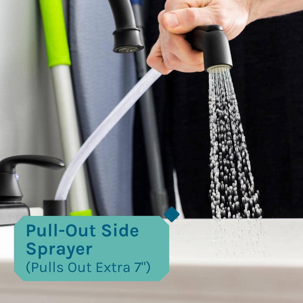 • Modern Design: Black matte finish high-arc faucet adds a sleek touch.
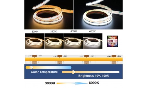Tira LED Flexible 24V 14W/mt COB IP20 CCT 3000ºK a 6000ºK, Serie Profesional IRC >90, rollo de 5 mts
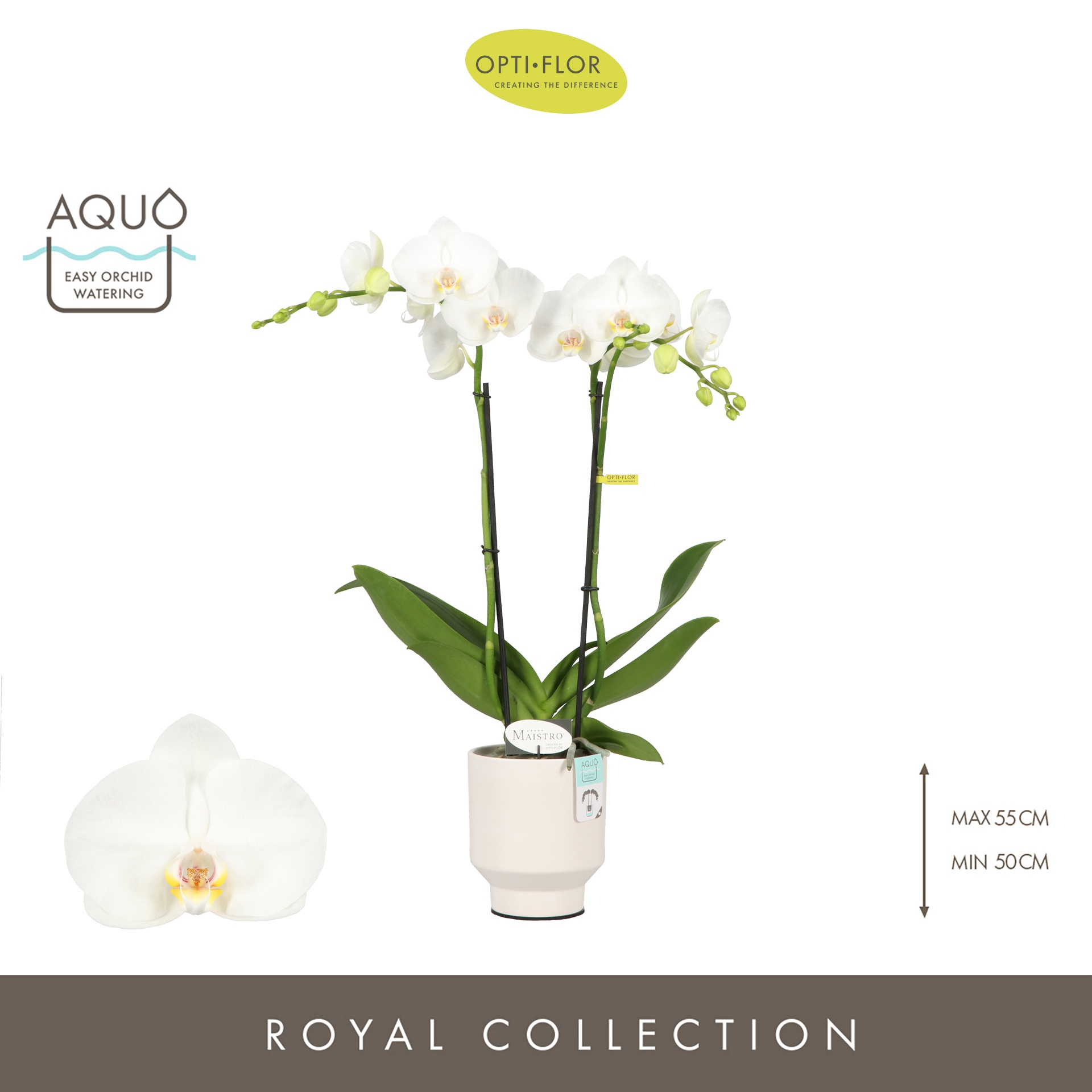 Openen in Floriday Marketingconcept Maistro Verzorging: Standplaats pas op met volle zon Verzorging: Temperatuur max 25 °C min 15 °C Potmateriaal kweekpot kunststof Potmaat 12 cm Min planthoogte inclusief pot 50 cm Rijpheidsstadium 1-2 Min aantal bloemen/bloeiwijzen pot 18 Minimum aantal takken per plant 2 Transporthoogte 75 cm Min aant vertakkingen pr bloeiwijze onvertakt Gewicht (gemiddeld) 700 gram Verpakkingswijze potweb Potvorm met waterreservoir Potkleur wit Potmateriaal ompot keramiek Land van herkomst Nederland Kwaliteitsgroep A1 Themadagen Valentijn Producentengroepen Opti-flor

...

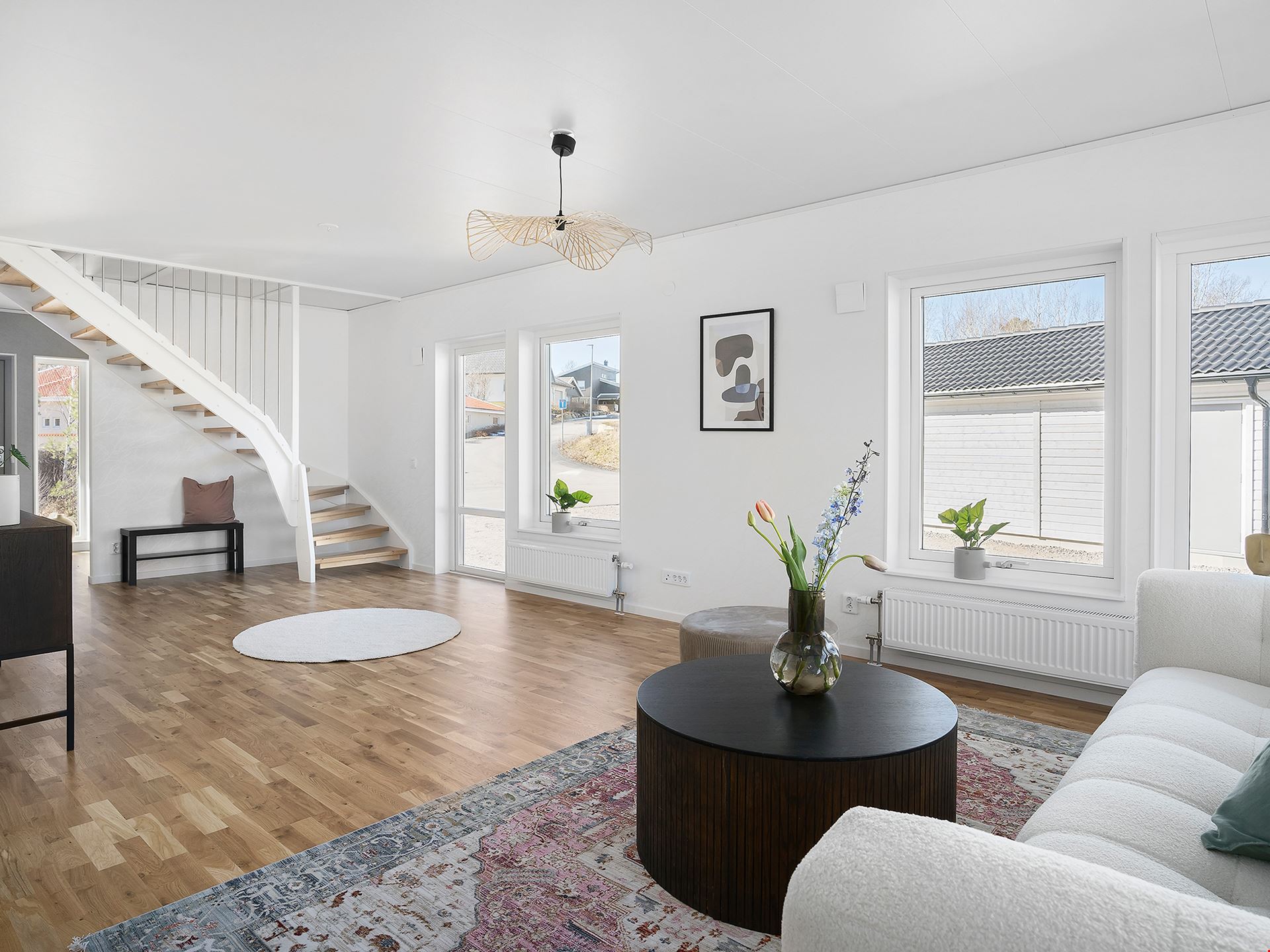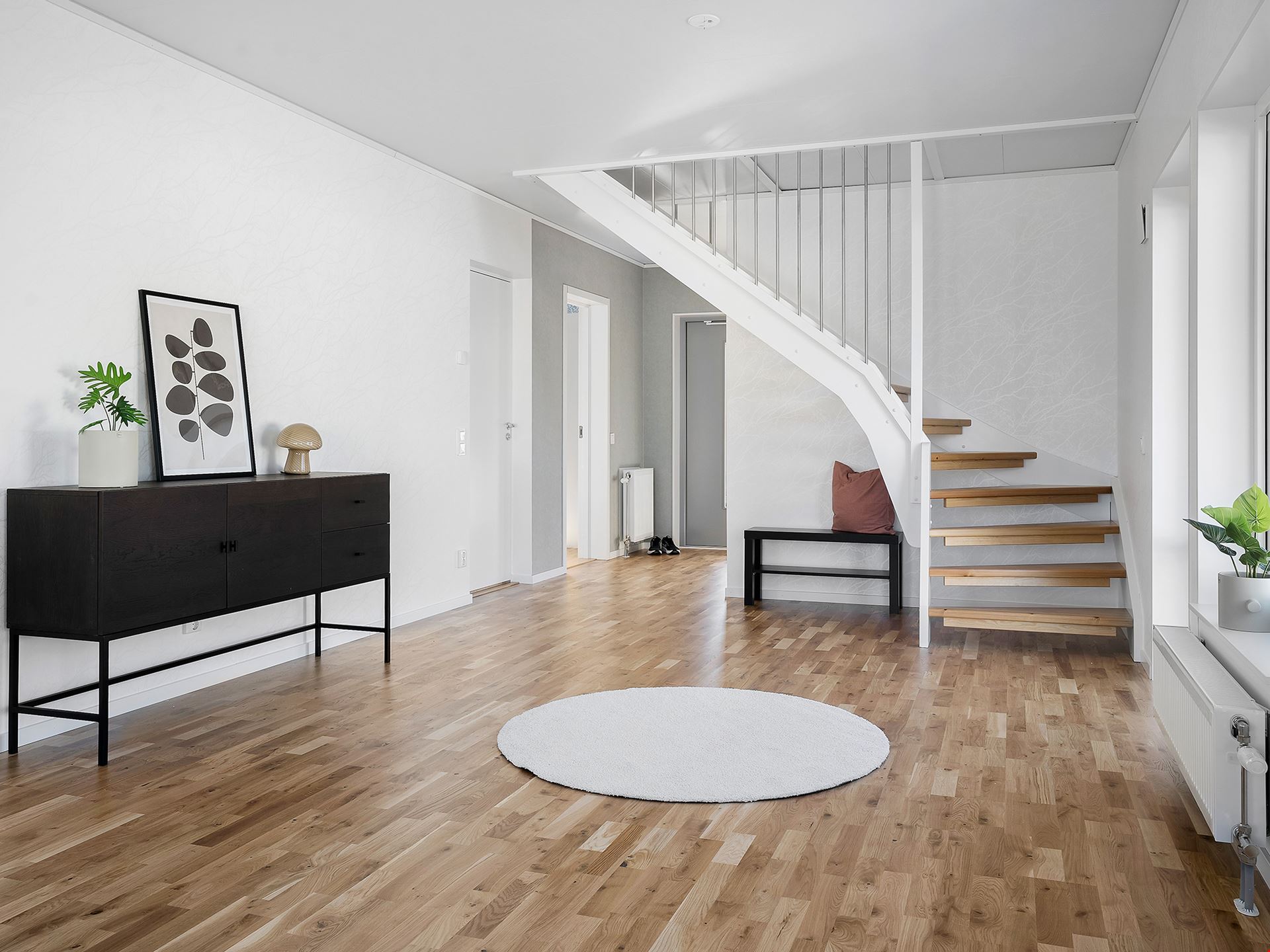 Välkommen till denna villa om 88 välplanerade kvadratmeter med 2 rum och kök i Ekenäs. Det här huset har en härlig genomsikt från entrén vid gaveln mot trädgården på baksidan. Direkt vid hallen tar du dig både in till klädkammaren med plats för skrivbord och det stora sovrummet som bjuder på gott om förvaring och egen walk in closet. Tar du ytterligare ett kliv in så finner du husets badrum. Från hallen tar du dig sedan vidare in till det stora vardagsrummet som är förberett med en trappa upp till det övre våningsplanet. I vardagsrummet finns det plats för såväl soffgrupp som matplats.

...

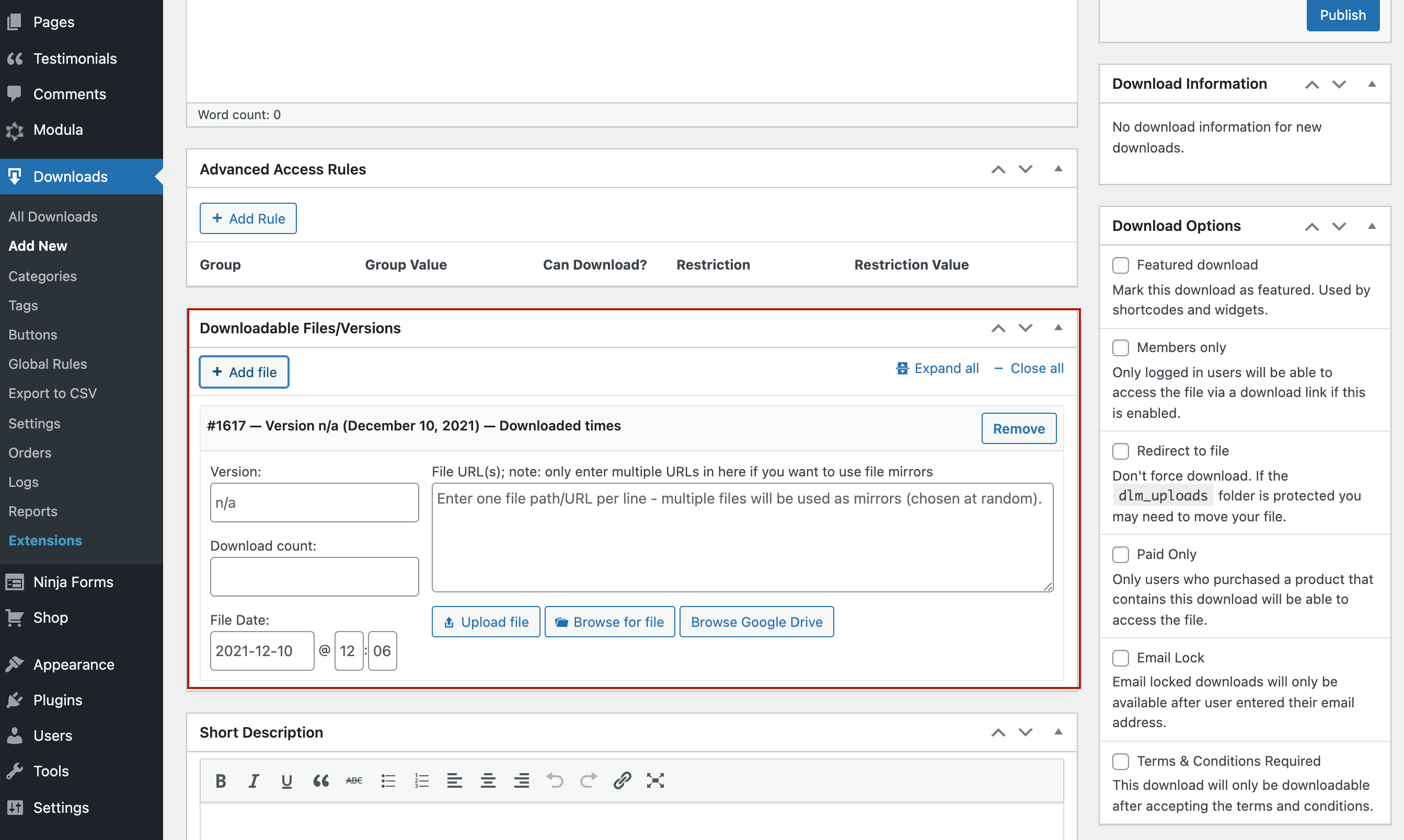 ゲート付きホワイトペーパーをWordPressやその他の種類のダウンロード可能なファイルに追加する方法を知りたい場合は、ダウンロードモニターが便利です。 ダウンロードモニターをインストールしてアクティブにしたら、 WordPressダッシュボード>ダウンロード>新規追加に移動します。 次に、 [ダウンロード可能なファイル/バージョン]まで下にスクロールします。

◆ PROBLEM REQUIREMENTS:
Exact copy, pictures excluded: from the line with "a sleek touch." up to and including the line with "Openen in Floriday" in the data above.

◆ TASK OUTPUT:
 • Modern Design: Black matte finish high-arc faucet adds a sleek touch.
Tira LED Flexible 24V 14W/mt COB IP20 CCT 3000ºK a 6000ºK, Serie Profesional IRC >90, rollo de 5 mts
 Openen in Floriday Marketingconcept Maistro Verzorging: Standplaats pas op met volle zon Verzorging: Temperatuur max 25 °C min 15 °C Potmateriaal kweekpot kunststof Potmaat 12 cm Min planthoogte inclusief pot 50 cm Rijpheidsstadium 1-2 Min aantal bloemen/bloeiwijzen pot 18 Minimum aantal takken per plant 2 Transporthoogte 75 cm Min aant vertakkingen pr bloeiwijze onvertakt Gewicht (gemiddeld) 700 gram Verpakkingswijze potweb Potvorm met waterreservoir Potkleur wit Potmateriaal ompot keramiek Land van herkomst Nederland Kwaliteitsgroep A1 Themadagen Valentijn Producentengroepen Opti-flor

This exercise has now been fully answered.